18 Ekim 2021 Pazartesi

Şerif Yenen, rapor niteliğindeki tespit ve önerileriyle, ipuçlarını vermeye devam ediyor.



HABER-ARTİN ŞİRİNPINAR



ŞERİF YENEN’DEN İSTANBUL TURİZMİNE İVME KAZANDIRACAK PRATİK ÖNERİLER– 2

Şerif Yenen, rapor niteliğindeki tespit ve önerileriyle, İstanbul turizminde çok daha yüksek potansiyelin nasıl yakalanabileceğinin ipuçlarını vermeye devam ediyor.

Hiçbir kurumu hedef almadan, daha iyi bir turizm için yapıcı eleştiriler ve öneriler getiren Şerif Yenen, otuziki yıldır özellikle yabancı misafirlere İstanbul’u tanıtan bir profesyonel turist rehberi, seyahat yazarı ve uluslararası konuşmacı olarak meslekte edindiği alan deneyimlerinden yola çıkarak İstanbul için özel düzenlemelere ihtiyaç duyulduğunu yineliyor. 

Özellikle kentin vitrini Sultanahmet için önemli konulara dikkat çeken Yenen, hem  ziyaretçilerin memnun ayrılması hem de sorunsuz bir turizm işleyişi için görüşlerini paylaşıyor.
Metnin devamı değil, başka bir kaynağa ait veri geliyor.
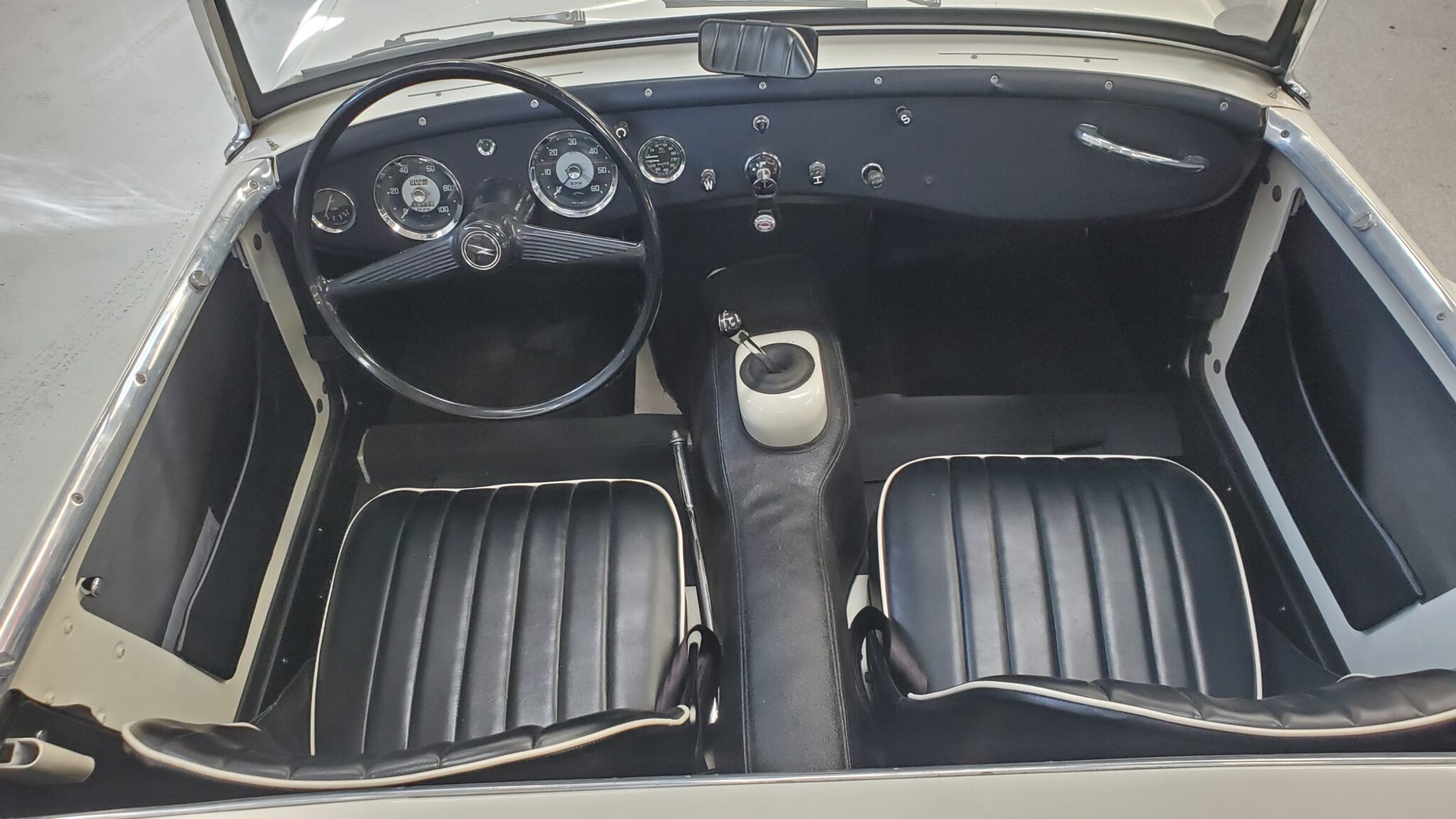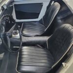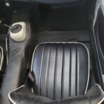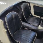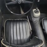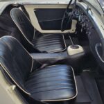 The interior is also excellent, in correct black with white piping, just like when new. It is also fitted with a premium hardura tunnel mat in matching black (which we sell here in our parts catalog). This mat more closely matches the original rubber mat than the carpet you usually see in restored cars.
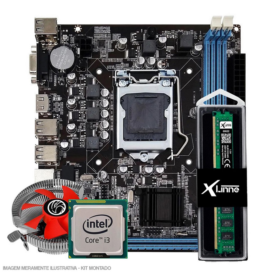 Kit Upgrade Powerpc: Placa Mãe H61 + Processador I3 3220 + Memória 8GB DDR3 + Cooler
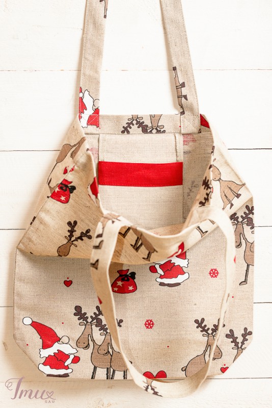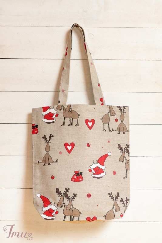 Lininis krepšys su vidine kišene. Dydis 35x37cm. Rankenų ilgis 60cm.
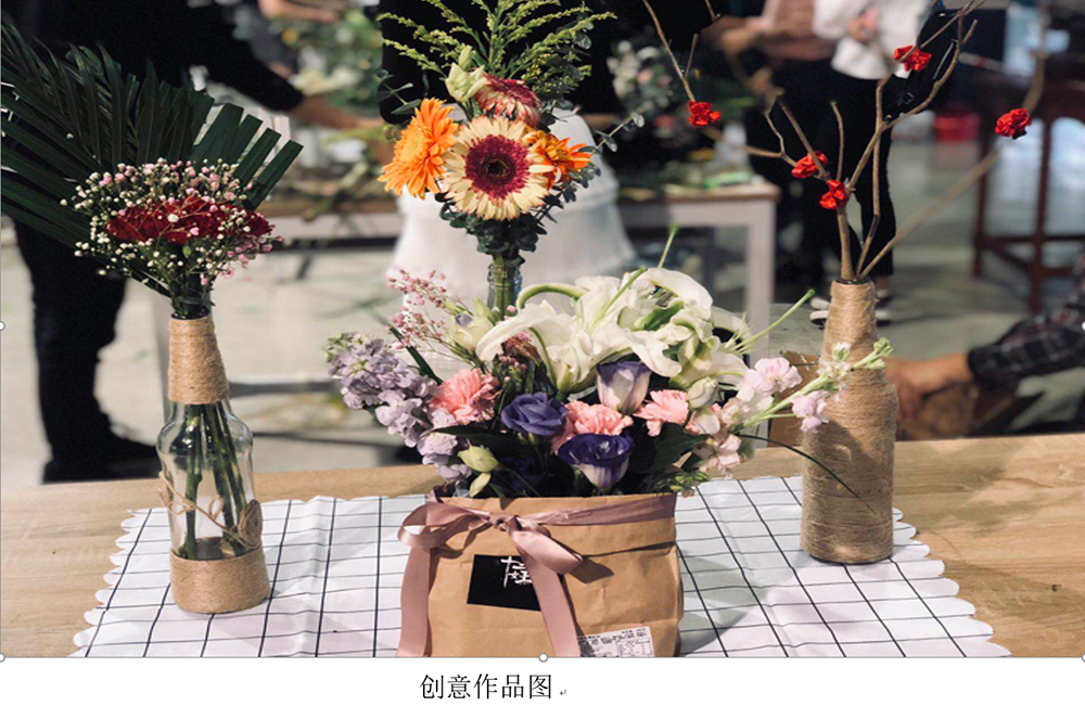 5月19日,“奇松杯”重庆市花卉创艺大赛在南岸区举行,人文公司旅游管理专业2016级员工潘金花、王小丽、向海霞、彭开云在连彬副教授指导下,团队设计的作品《四季》斩获三等奖。
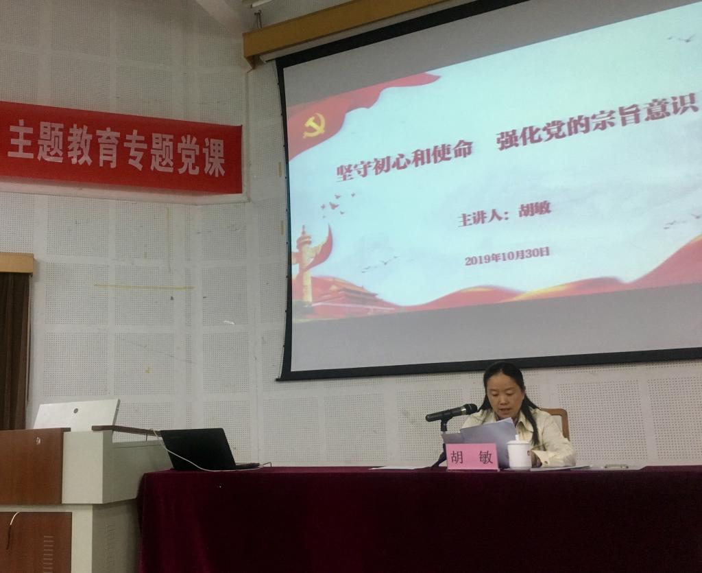 党委委员、组织部部长胡敏以《坚持初心和使命,强化党的宗旨意识》为题,在龙赛报告厅给休闲小栈
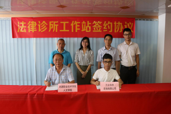 在签约仪式上,徐微老师介绍了我校法律专业的建设情况,提出专业的就业及未来发展存在的困难,希望通过进一步的校企合作,为法律学生提供更多的实习和就业机会。龙川县万众信息咨询有限公司负责人介绍了该公司的业务情况,同时指出基层缺乏专业法律人才,特别是乡镇老百姓的法律意识淡薄,维权比较困难,在龙川挂工作站牌不但能够服务更多有需要人士,也让学生直接接触基层案件,得到更多的锻炼,希望双方今后加强合作,实现共赢。
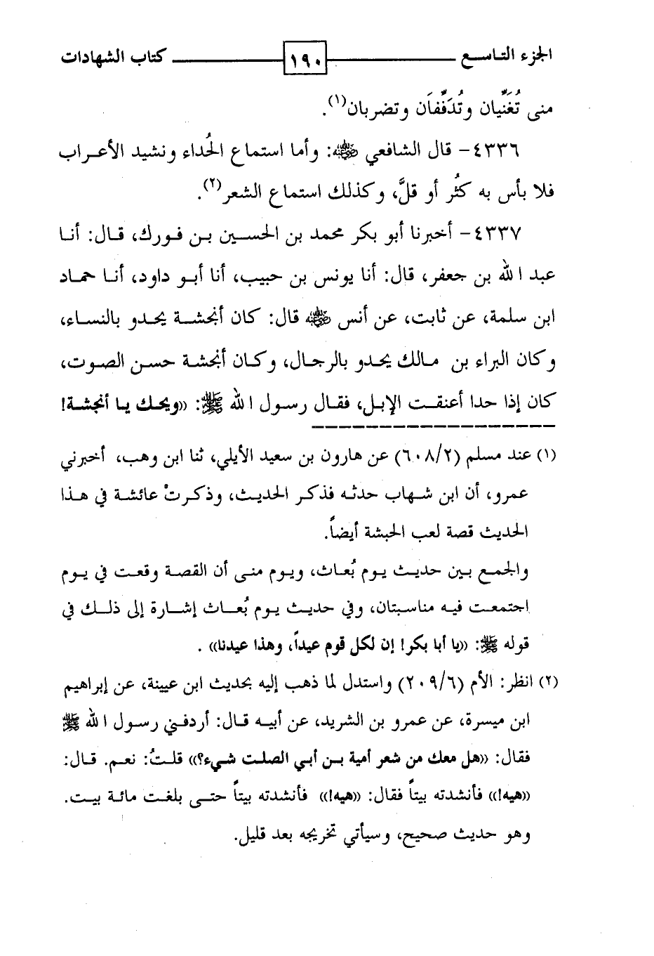 4336 - قال الشافعي رضي الله عنه : وأما استماع الحُداء ونشيد الأعراب فلا بأس به كثُر أو قلَّ ، وكذلك استماع الشعر ( 2 ) .
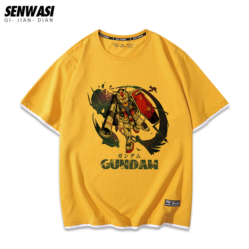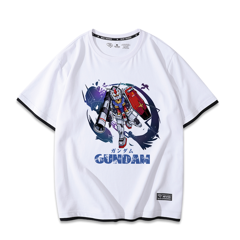 敢达日系复古高达机动战士40周年联名创战者夏季 T恤假两件情侣装

SULTANAHMET’E ELEKTRİKLİ ARAÇLA RİNG SEFERLERİ 

İstanbul'a gelen her ziyaretçinin mutlaka ziyaret ettiği Sultanahmet Meydanı trafiğinin yeniden düzenlenmesi gerektiğini vurgulayan Şerif Yenen, özellikle turlarla gelen misafirlerin hem ulaşım, hem de trafik sorunu yaşadığını aktarıyor. Tur otobüsüyle gelenlerin trafik çilesi çektiğini, münferit olarak toplu ulaşım dışında taksiyle gelenlerin ise dönüşte taksi bulmakta çok güçlük yaşadığını anlatan Yenen şunları söylüyor:

"Sultanahmet Meydanı bir süredir araç trafiğine kapalı durumda. Trafik Küçük Ayasofya Caddesi ve Sultan Ahmed Camii'nin arkasında Arasta’nın yanındaki yol ve Akbıyık Caddesi üzerinden akarak Cankurataran'a iniyor. Bir diğer seçenek de Cağaloğlu’ndan çıkmak. Bu seçenek zaten çoğu zaman hiç işlemiyor. Bu güzergahlar oldukça dar sokaklardan oluştuğu için kısa süreli bir duraklama bile trafiğin akışını engelliyor; hele bir de önünüze çöp kamyonu veya hareket kabiliyeti yavaş yolcularını indiren bir otobüs denk geldiği zaman trafik uzun süre kilitleniyor. Bu ve benzeri nedenlerden ötürü, otobüs ve midibüslerin Çatladıkapı'dan itibaren bu hatta asla girmemesi gerekiyor. Onun yerine aşağıda bir veya birkaç nokta belirlenip elektrikli araçlarla meydana ring seferleri konulabilir. Bu ring, aşağıdaki indirme bindirme noktasından başlar, Sultanahmet ve Kapalı Çarşı hattını kapsayarak sürekli ring yapar. İsteyen istediği yerde iner veya biner.”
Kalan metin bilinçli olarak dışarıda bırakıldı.